Türkiye Diyetisyenler Derneği Yönetim Kurulu Başkanı Doç. Dr. Ayhan Dağ, “Temel besin ürünlerindeki fahiş artışlar bir halk sağlığı sorununa dönüştü. Türkiye’de giderek artan gıda enflasyonuyla birlikte kronik ve gizli açlık yaşanıyor” dedi.

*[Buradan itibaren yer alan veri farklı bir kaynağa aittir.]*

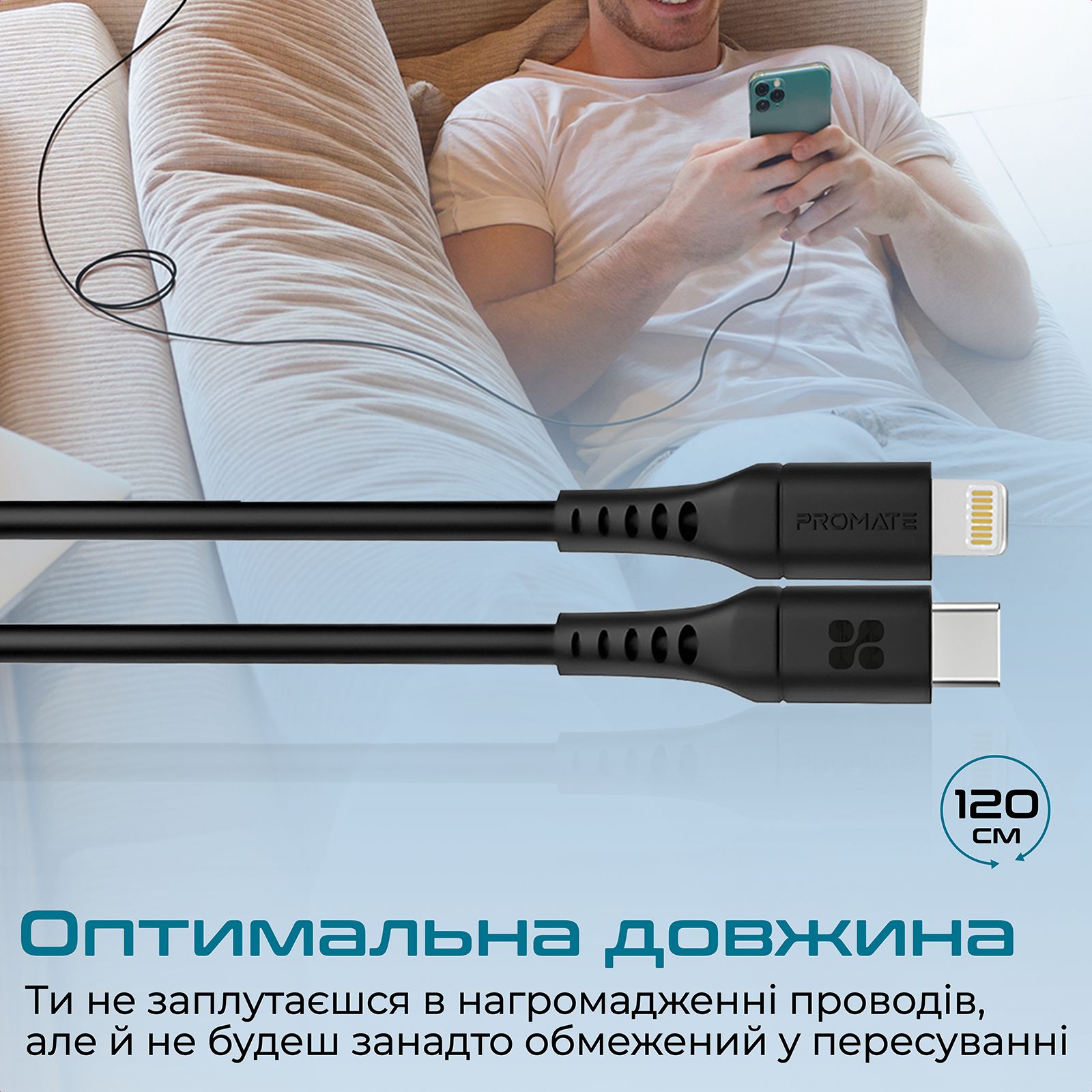 Кабель Promate PowerLink USB Type-C - Lightning (M/M), 1.2 м, Black (powerlink-120.black)

Açlık sınırının 6 bin lirayı, yoksulluk sınırının 20 bin lirayı aştığı Türkiye’de, protein içeren ürünlere art arda gelen zamlar insanların sağlıksız ve dengesiz beslenmesine, ucuz ürünleri yönelmesine veya öğün atlamalarına neden oldu. Temel gıdaların başında yer alan et, yumurta, süt ve süt ürünlerine gelen zamlar özellikle çocuklu aileleri ve sağlıklı beslenmesi gereken orta yaş üstünü doğrudan etkiledi. Son zamlarla birlikte yumurtanın tanesi 2 liraya çıkarken, sütün litresi 20 liraya yaklaştı, etin kilosu ise 150-200 lira arasında değişiyor. gazeteduvar’ın haberine göre, Türkiye Diyetisyenler Derneği Yönetim Kurulu Başkanı Doç. Dr. Ayhan Dağ, temel besin ürünlerindeki fahiş artışlar bir halk sağlığı sorununa dönüştüğüne, Türkiye’de giderek artan gıda enflasyonuyla birlikte kronik ve gizli açlık yaşandığını ve insanların yeterli gıdaya ulaşamıyor olmasının ‘yaşam hakkı’nı tehdit ettiğini ifade etti.

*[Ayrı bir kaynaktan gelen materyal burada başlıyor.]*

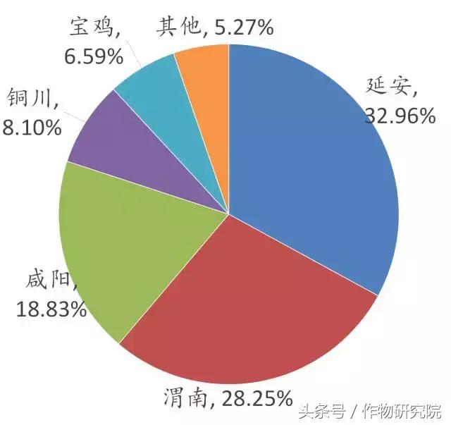中国果树研究所在《全国苹果区划研究报告》中,对我国各苹果主产区的生态条件进行了全面分析,指出陕西渭北旱塬是符合苹果生态适宜指标的最佳区域,尤以延安洛川县,宝鸡扶风县,咸阳市的永寿、乾县、旬邑、兴平、礼泉,以及渭南市的白水、合阳9个县为最佳,而这几个县苹果种植面积占了陕西全省的苹果种植面积的80%左右。陕西省苹果种植面积分布约为:延安种植350万亩、渭南300万亩、咸阳200万亩、铜川86万亩、宝鸡70万亩。

Pazar esnafının bıraktıklarını ayrıştırıyorlar
Ayhan Dağ, resmi verilerle örtüşmeyen açlık ve yoksulluk sınırı düşünüldüğünde, insanların gıdadaki fahiş fiyat artışlarını karşılayabilecek düzeyde olmadığını, bitkisel ve hayvanî proteine ulaşmanın gün geçtikçe zorlaştığını söyleyerken, bu fiyatlarla insanların yeterli ve dengeli beslenemediğini, özellikle çocuklar ve yaşlılar için durumun giderek kötüleştiğini ifade etti. Pazar esnafının geride bıraktığı artık ürünleri ayrıştırmaya çalışan insanların, askıdan ekmek temin edenlerin ve belediye ekmek büfelerinin önündeki kuyrukların ‘kronik açlığa’ işaret ettiğini söyleyen Dağ, bu durumun insanların sağlığını tehdit ettiğinin altını çizdi. Yetersiz ve sağlıksız beslenmenin insanların bünyesinin zayıflamasına, enfeksiyonlara ve diğer hastalıklara açık hale gelmesine neden olduğunu söyledi. Dağ “Hiç şüphesiz özellikle çocuklarda yetersiz ve dengesiz beslenmeye bağlı büyüme ve gelişme geriliği yaşanıyor. Tüm hastalıklar bunun üstünden yürür. Türkiye’de bodurluk çok önemli bir sorun, toplumun yüzde 7’si bodur. Özellikle 0-5 yaş arası çocuklarda bodurluk son derece önemli bir sorun. Çocukların günde iki porsiyon süt ve süt ürünlerinden tüketmesi gerekir. Bu yaşlı grubu için de geçerlidir” yorumunda bulundu.